Le nombre de cœurs que j’avais brisés me semblait infini. Mais ce n’était pas terminé. Mon objectif était clair : faire ressentir à chaque femme qui le mériterait la douleur et la trahison que j’avais endurées dans mon passé. Je fermai les yeux un instant et laissai mon esprit dériver.
Les souvenirs me frappèrent avec la violence d’un ouragan. L’image de mon enfant me revint, si vive, si douloureuse. Mon fils… mon petit garçon, innocent et parfait. Et puis, le flash noir.
Je me revoyais, jeune et naïf, tombant amoureux d’Elise. Elle était tout ce que je croyais vouloir. Sa douceur, son rire, son regard qui semblait lire en moi comme personne n’avait jamais pu le faire. Je l’aimais d’un amour pur et total. Je lui avais demandé sa main. Quand elle tomba enceinte, je voulais qu’elle accouche avant de célébrer le mariage. Tout devait être parfait. Tout devait être heureux. Le jour où mon fils naquit, je me sentis l’homme le plus heureux du monde. Les préparatifs du mariage avaient commencé, la maison remplie de rires et de projets. Chaque instant respirait le bonheur.
Mais ce bonheur était une illusion.
Un soir, les bras chargés de cadeaux pour Elise et notre fils, je me dirigeai vers la chambre de mon enfant. Et là, tout bascula. La scène qui s’offrit à moi me hanta pour toujours. Elise, ma fiancée, était penchée sur le berceau, son visage déformé par la haine. Elle noyait notre enfant, mon fils de quelques semaines, dans l’eau du bain. Je criai son nom, paralysé par l’incompréhension et l’horreur. Elle me regarda, haineuse, et me cracha en pleine figure qu'elle ne m'avait jamais aimé, qu’elle aimait un autre, qu’elle était restée avec moi pour mon argent et qu’elle ne voulait pas de cet enfant.

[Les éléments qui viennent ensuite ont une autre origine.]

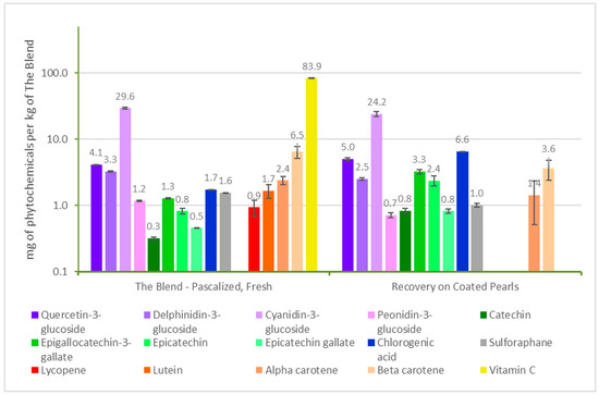 The blend in whole food and dry food formats. The phytochemical content of the fresh, pascalized fruit and vegetable blend are compared with the phytochemical content found in the same amount by weight of pascalized fruit and vegetable coating added to the Pearls. The chlorogenic acid levels contained in the oat–rice mixture portion of the Pearls were controlled for. All phytochemicals are measured in mg/kg and data are presented on a logarithmic scale.

Je me précipitai, arrachant mon fils de l’eau, mais il était déjà trop tard. Mon cœur éclatait en mille morceaux. L’âme innocente de ce bébé n’avait fait que quelques semaines sur terre, mais elle avait occupé tout mon amour. Je le serrais dans mes bras, pleurant comme un enfant, incapable de croire que j’avais échoué. Mon monde s’écroulait autour de moi.
La rage m’envahit, une haine que je n’avais jamais connue. Je me jetai sur Elise, frappant avec une violence que je ne me reconnaissais pas. Les caméras de la maison avaient tout enregistré : chaque cri, chaque échange, chaque geste. J’étais sur le point de la pousser du haut des escaliers quand la police intervint. Le procès fut rapide. Elise fut condamnée à la peine maximale, mais cela n’avait aucune importance. Mon fils ne reviendrait jamais. La justice n’avait pas le pouvoir de réparer l’irréparable.
Je restai des heures à contempler le berceau vide, incapable de me relever. Chaque souffle me rappelait la perte, chaque silence me cognait comme un marteau sur l’âme. Depuis ce jour, j’avais fait le serment silencieux de ne jamais, jamais, laisser une femme briser mon cœur à nouveau.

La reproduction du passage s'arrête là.